Deseo conocer a Louis y que él mismo me indique lo que quiere que haga.

En cuanto a esos objetos que habían pertenecido a Claudia, tengo el rosario, el diario y la muñeca.

Ya nos ocuparemos más tarde de lo demás.

Apenas podía contener mi entusiasmo. Esperar hasta el día siguiente iba a ser un tormento. Enseguida me dirigí a Ste. Elizabeth's, el edificio donde Lestat pasaba sus horas solitarias durmiendo sobre el viejo suelo de la capilla. Al entrar me encontré a Louis, sentado en el mármol junto a Lestat, leyendo en voz baja un libro antiguo de poesías inglesas.

Le leí a Louis la carta de Merrick.

El semblante de Lestat no registró el menor cambio.

—Sé dónde está la casa —dijo Louis. Estaba muy excitado, aunque creo que se esforzaba en ocultarlo—. No faltaré. Supongo que debí pedirte permiso. El caso es que anoche fui a localizar la casa.

—Perfecto —respondí—. Nos encontraremos allí mañana por la tarde. Pero escucha, debes…

—Anda, dilo —me pidió Louis suavemente.

—Debes tener en cuenta que es una mujer muy poderosa. Hemos jurado protegerla, pero no pienses ni por un momento que es débil.
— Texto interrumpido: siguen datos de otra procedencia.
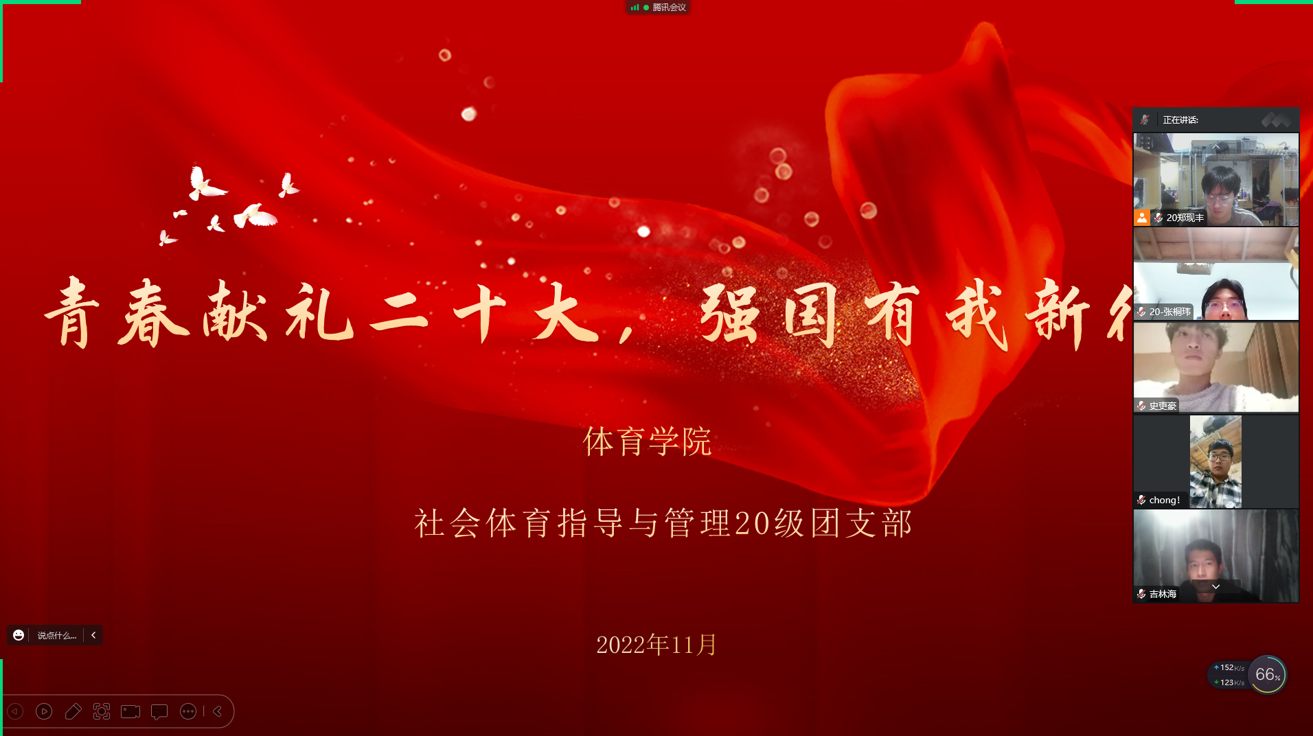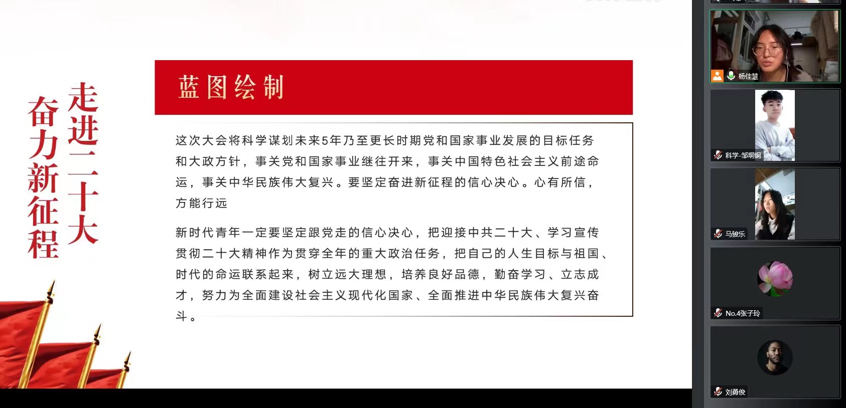 为深入学习党的二十大精神,引领广大团员青年听党话、跟党走,近日,ng28娱乐官网 各班级团支部开展了“青春献礼二十大,强国有我新征程”线上主题团日活动。

—Siempre estamos arriba y abajo con el tema de Merrick —dijo Louis pacientemente—. Lo comprendo. Entiendo lo que quieres decir. Cuando decidí tomar este camino, me preparé para cualquier desastre que pudiera ocurrir. Y mañana por la noche me prepararé tan a fondo como sea posible.

Lestat no mostraba señal de haber oído nuestra conversación. Seguía postrado como antes, con su chaqueta de terciopelo roja arrugada y llena de polvo, y su pelo rubio alborotado.

Me arrodillé y deposité un beso respetuoso en la mejilla de Lestat. Él siguió con la mirada fija en la penumbra. De nuevo tuve la clara impresión de que su alma no se hallaba dentro de su cuerpo, al menos de la forma que nosotros lo entendemos. Deseaba contarle nuestro propósito, pero no estaba seguro de querer que él lo supiera. Pensé que de haber sabido Lestat lo que nos proponíamos, habría tratado de impedírnoslo. Qué lejos de nosotros debían de estar sus pensamientos.

Cuando me marché, Louis siguió leyendo con voz queda, melodiosa y levemente apasionada.